Cathay began discussions with the government about potential investment in the airline two months ago, according to a briefing paper submitted to the legislature on Tuesday.

“The investment would… enable the group to compete on par with other airlines receiving respective government support in the upcoming recovery of air services, thereby reinforcing Hong Kong’s strengths as an international aviation hub,” the paper said. “More importantly, it will preserve the necessary conditions and provide impetus to the much-needed post-COVID-19 revival of the Hong Kong economy.”

With the rights issue, Swire would maintain its 45% stake in Cathay’s common stock while Air China will stay at 29.99% and Qatar Airways at 9.99%. If the government exercises share warrant rights under its aid plan, it will acquire a 6.08% stake in the common shares while the others’ interests are slightly reduced.

Disruption to travel from seven months of political protests in Hong Kong had already pushed down Cathay’s net profit by 27.9% last year to HK$1.69 billion. To cope with COVID-19, Cathay had since February slashed passenger operations by 97% and made other operating cost cuts. The airline said Tuesday, however, that it “has been losing cash at a rate of HK$2.5 billion to HK$3 billion per month.”

While the Hong Kong government did not step in when Cathay was hit by the SARS outbreak in 2003 or in other crises, Andrew Yuen, associate director of the Aviation Policy and Research Centre of the Chinese University of Hong Kong, said COVID-19’s impact has been much bigger.

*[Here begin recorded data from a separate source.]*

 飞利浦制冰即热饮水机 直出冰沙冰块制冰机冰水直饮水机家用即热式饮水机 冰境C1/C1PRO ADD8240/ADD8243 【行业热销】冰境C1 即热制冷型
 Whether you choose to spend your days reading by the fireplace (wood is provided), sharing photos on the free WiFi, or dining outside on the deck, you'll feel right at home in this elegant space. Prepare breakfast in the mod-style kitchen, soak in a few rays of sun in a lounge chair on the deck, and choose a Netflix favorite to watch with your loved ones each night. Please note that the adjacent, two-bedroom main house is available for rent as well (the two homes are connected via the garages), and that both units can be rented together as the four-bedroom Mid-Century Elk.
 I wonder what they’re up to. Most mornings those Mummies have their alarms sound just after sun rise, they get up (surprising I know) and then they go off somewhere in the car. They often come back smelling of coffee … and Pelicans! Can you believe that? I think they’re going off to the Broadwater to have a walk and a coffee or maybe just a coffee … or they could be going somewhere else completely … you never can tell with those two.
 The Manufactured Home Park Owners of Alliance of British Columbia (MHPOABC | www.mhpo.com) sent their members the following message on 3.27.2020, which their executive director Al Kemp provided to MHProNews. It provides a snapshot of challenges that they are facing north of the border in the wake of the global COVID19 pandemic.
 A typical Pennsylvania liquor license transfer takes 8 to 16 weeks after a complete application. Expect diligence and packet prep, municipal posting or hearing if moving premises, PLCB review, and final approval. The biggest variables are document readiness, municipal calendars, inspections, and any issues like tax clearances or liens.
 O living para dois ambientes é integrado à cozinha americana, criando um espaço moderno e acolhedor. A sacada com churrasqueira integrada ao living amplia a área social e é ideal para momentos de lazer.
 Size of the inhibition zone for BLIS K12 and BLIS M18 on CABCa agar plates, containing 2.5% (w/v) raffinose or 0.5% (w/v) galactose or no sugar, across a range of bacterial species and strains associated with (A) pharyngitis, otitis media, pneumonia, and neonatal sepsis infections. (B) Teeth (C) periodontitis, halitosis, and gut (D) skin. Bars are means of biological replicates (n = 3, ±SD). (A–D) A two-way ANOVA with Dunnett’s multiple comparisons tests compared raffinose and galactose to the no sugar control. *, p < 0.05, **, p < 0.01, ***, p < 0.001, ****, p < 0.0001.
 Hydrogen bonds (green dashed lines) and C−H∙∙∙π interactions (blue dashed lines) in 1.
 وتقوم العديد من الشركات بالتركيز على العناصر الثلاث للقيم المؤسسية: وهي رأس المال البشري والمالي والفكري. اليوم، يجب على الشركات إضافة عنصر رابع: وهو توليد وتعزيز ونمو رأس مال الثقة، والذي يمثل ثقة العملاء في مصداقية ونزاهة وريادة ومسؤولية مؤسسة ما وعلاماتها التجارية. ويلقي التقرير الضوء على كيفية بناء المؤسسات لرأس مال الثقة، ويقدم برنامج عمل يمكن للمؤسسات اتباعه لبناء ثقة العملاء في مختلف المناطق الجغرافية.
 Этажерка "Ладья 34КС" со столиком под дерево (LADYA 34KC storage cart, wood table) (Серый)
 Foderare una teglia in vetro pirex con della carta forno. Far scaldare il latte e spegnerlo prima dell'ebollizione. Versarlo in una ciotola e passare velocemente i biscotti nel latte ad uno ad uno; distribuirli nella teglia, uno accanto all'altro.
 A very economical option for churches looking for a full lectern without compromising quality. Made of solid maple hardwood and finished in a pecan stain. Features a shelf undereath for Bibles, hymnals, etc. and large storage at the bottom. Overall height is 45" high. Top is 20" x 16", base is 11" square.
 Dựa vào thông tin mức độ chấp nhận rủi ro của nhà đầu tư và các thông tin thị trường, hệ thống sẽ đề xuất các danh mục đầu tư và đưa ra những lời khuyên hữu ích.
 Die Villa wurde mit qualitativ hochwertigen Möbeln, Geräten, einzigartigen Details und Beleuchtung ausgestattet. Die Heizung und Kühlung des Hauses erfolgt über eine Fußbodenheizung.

“The aviation sector is really important to the (Hong Kong) economy,” he said. “If there is no Cathay, then probably we will not have any hub in Hong Kong.”

Hong Kong Airlines, Cathay’s only surviving locally based competitor, had until now been seen in more desperate straits than Cathay, but Financial Secretary Paul Chan said Tuesday that the government has “no intention” to rescue that airline, calling its size and network “incomparable” to Cathay’s in terms of preserving Hong Kong’s status as a transport hub. Hong Kong Airlines is controlled by China’s heavily indebted HNA Group.

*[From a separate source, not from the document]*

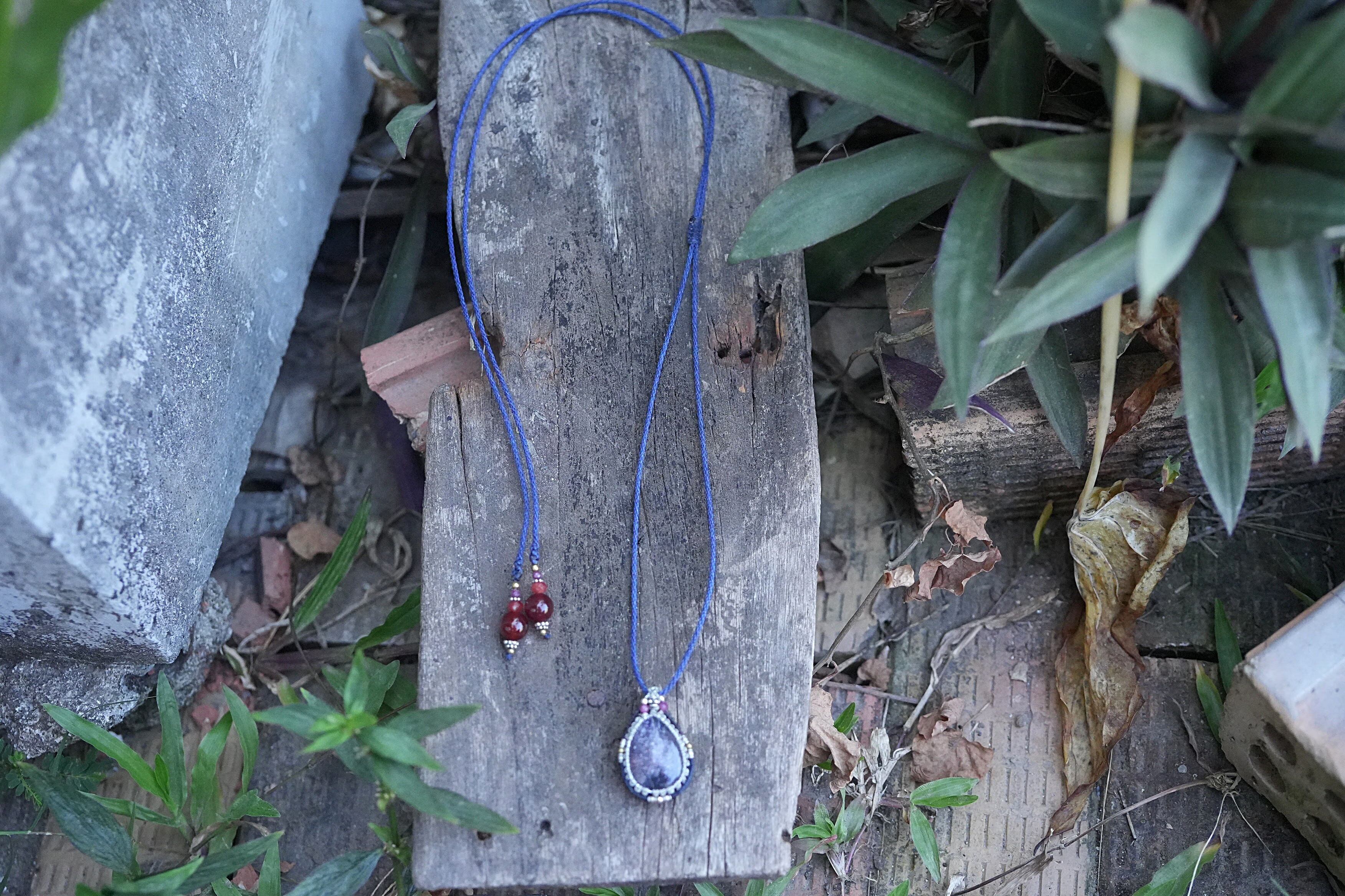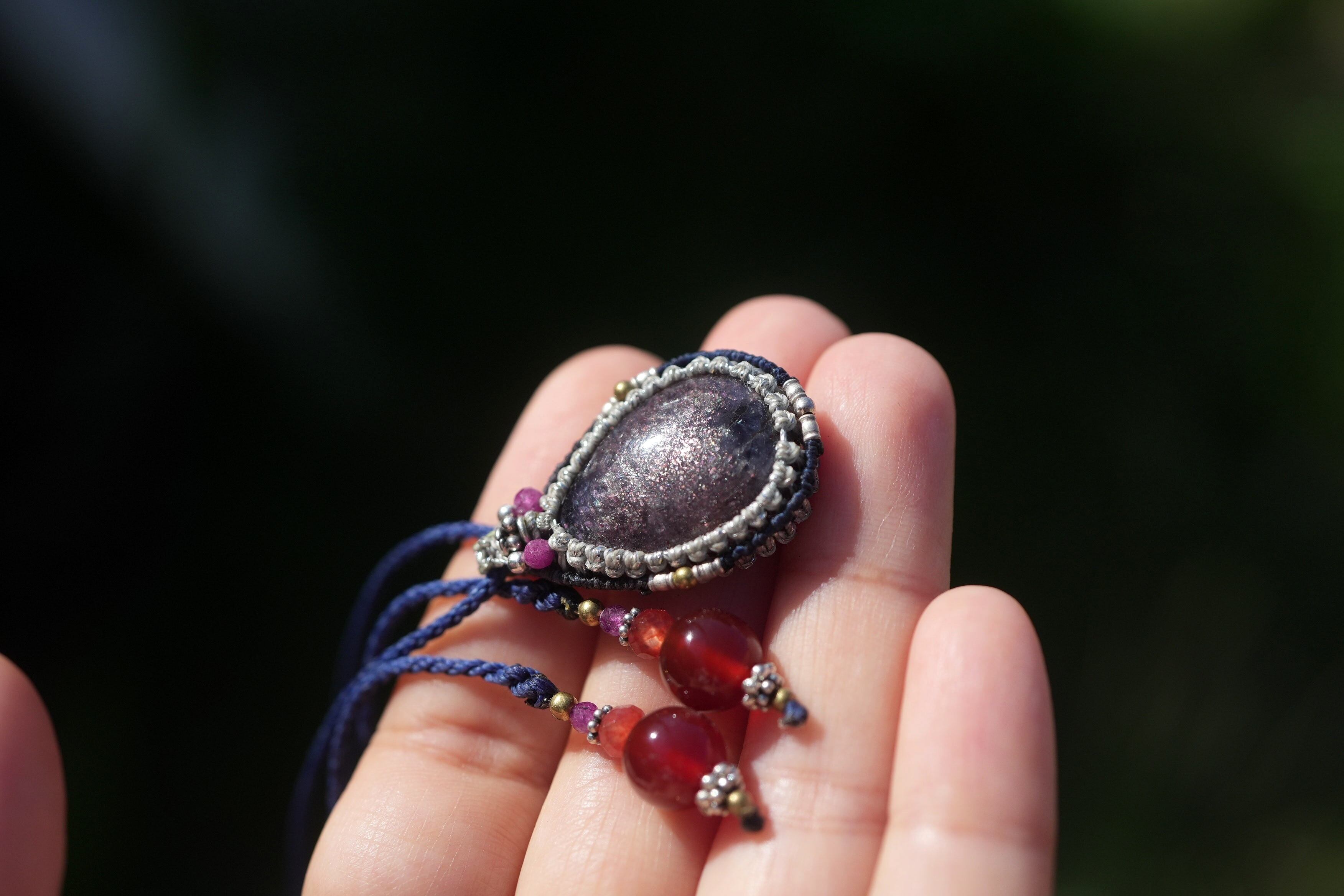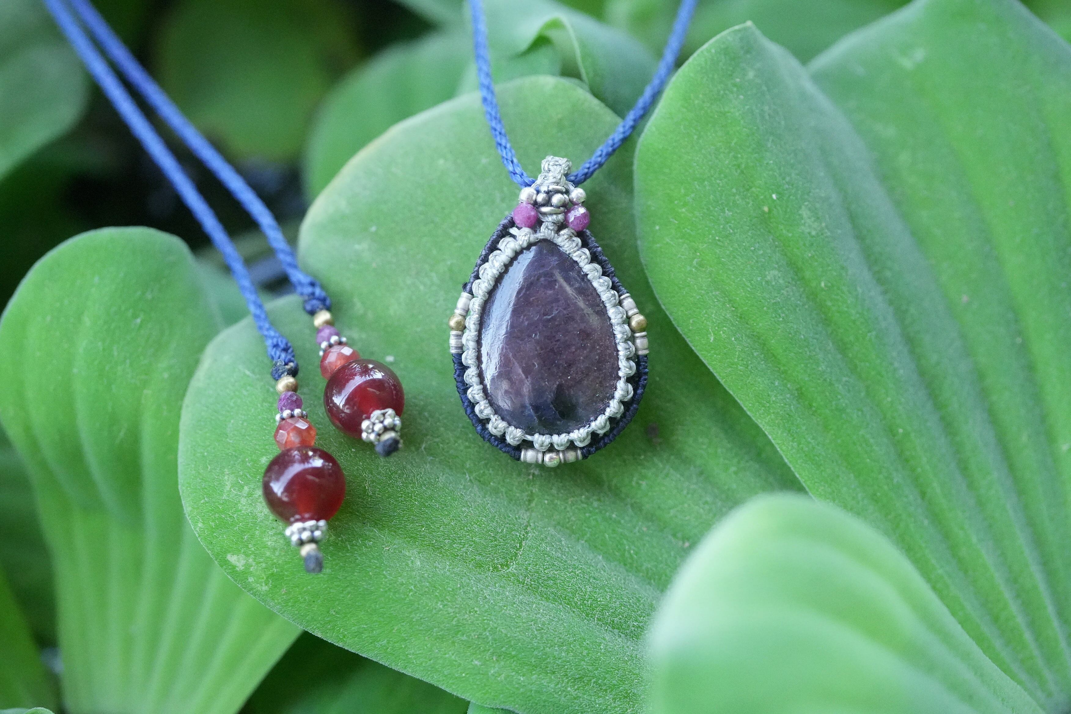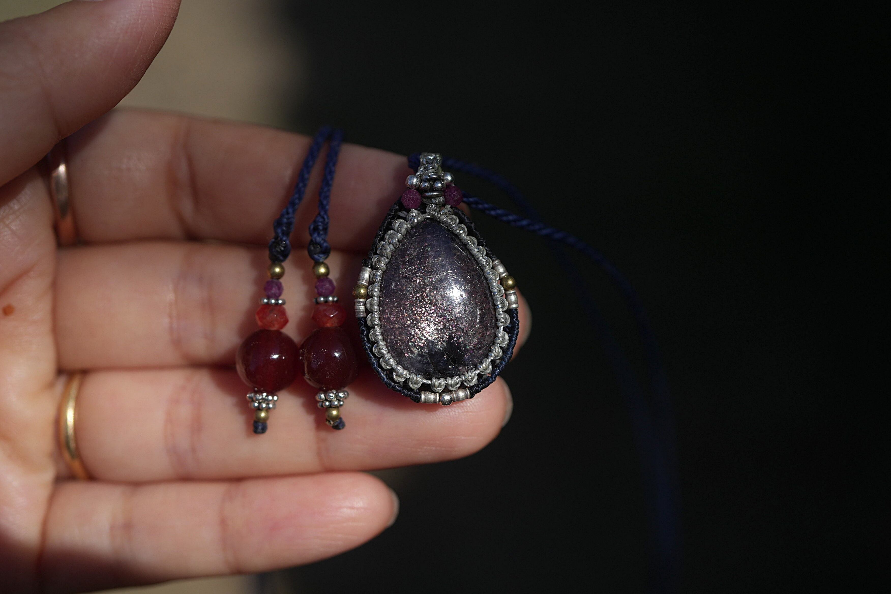 涙のアベンチュレッセンス★アイオライトサンストーン マクラメネックレス1944

Cathay said that alongside the bailout, it “intends to implement a further round of executive pay cuts” and to ask staff to take an additional three weeks’ unpaid leave while working toward completing a reevaluation of the “optimum size and shape” of the group by year-end.

“Inevitably this will involve rationalization of future planned capacity compared to the pre-crisis plans,” it said.

Healy said: “In terms of commitments to the future, we can’t take anything off the table.”

Jeremy Tam, a legislator who worked as a Cathay pilot until last year, said that while he was concerned the government would lack sufficient leverage to ensure repayment of its aid, he hoped the support would enable the airline to avoid further cuts to staff pay or jobs.

The government is to place two observers on Cathay’s board under the bailout plan. Bernard Chan, a financier and member of Hong Kong Chief Executive Carrie Lam’s Executive Council, is already an independent director of the company.

Paul Chan, the finance secretary, said the government would not “interfere with the operation and management” nor “become a long-term shareholder.”

Kelvin Lau of Daiwa Capital Markets said he was surprised how much support the government is providing, estimating it could enable Cathay to “survive for around three years or (then) some.”

Trading in Cathay, Swire and Air China shares in Hong Kong was halted Tuesday morning and is expected to resume on Wednesday. Cathay shareholders are to vote on the recapitalization plan on July 13.

In a separate statement Tuesday, Swire said it “fully supports the recapitalization plan” and maintained “an unwavering commitment to the group.”